Debt Workouts and the Borrower's Tax Considerations

Legal Alert

10.08.08

Borrowers and lenders in the real estate industry have good reason to feel uneasy lately. The declining value of real property collateral and the failure of some of America's most stalwart financial institutions have brought into focus loan products on the balance sheets of surviving banks and lenders. The unprecedented volatility of the market and weakening economy have borrowers struggling to fund current debt obligations and lenders seeking to salvage their return on investment.

A debt workout may provide relief for both borrowers and lenders. Although debt workouts typically arise in the rush to avoid foreclosure or bankruptcy, even performing loans are susceptible to a workout. Until recently, securitization was a reliable mechanism for removing real estate loans from a lender's books. There also was an active market of third party purchasers of debt. Those exit strategies are no longer viable.

Whether a borrower is financially viable or in a financial freefall, a debt workout should not be entered into without considering the tax consequences. Without careful tax planning, a workout may result in the borrower being indebted to the Internal Revenue Service rather than a financial institution.

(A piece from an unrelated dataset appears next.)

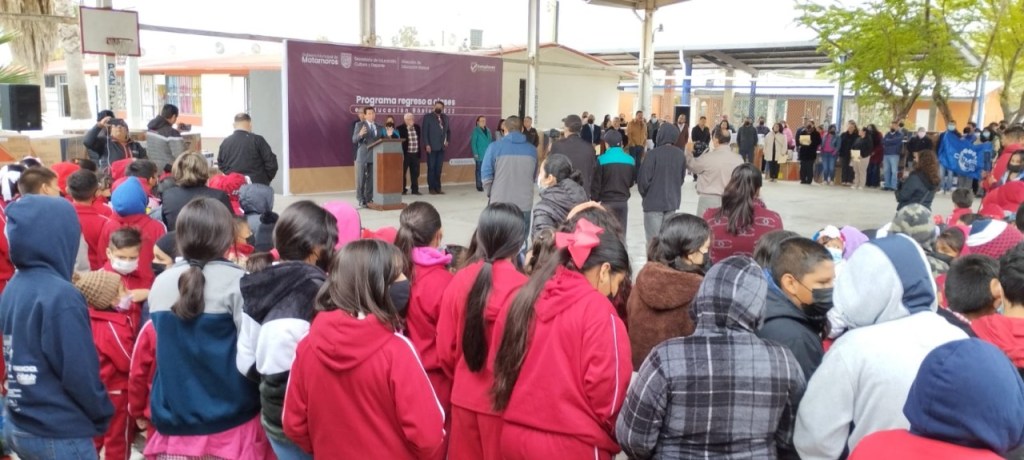 Acompañado de funcionarios municipales y autoridades educativas, el Presidente Municipal arribó a la primaria “Esperanza Luna Contreras” ubicada en la colonia Santa Cecilia, para cumplir compromisos adquiridos con la niñez y padres de familia de las diferentes escuelas de Matamoros.

Both lenders and borrowers wish to complete workouts quickly. If the borrower and lender simply agree to reduce the debt, or the borrower refinances and pays off the debt at a discount, the borrower potentially will have ordinary income to the extent of the reduction or discount. However, if a friendly third party acquires the debt from the lender at a discount, provided that the friendly party is not too closely related to the borrower, the borrower will not have cancellation of debt income. The friendly party must be careful or the modification of the acquired debt could result in the friendly party recognizing taxable income equal to the discount.

When the borrower is a partnership or limited liability company taxable as a partnership, new partners or members may be admitted, existing partners or members may make non-pro rata additional capital contributions, or an interest in the partnership or LLC may be issued to the lender. These events also can result in cancellation of debt income unless carefully structured.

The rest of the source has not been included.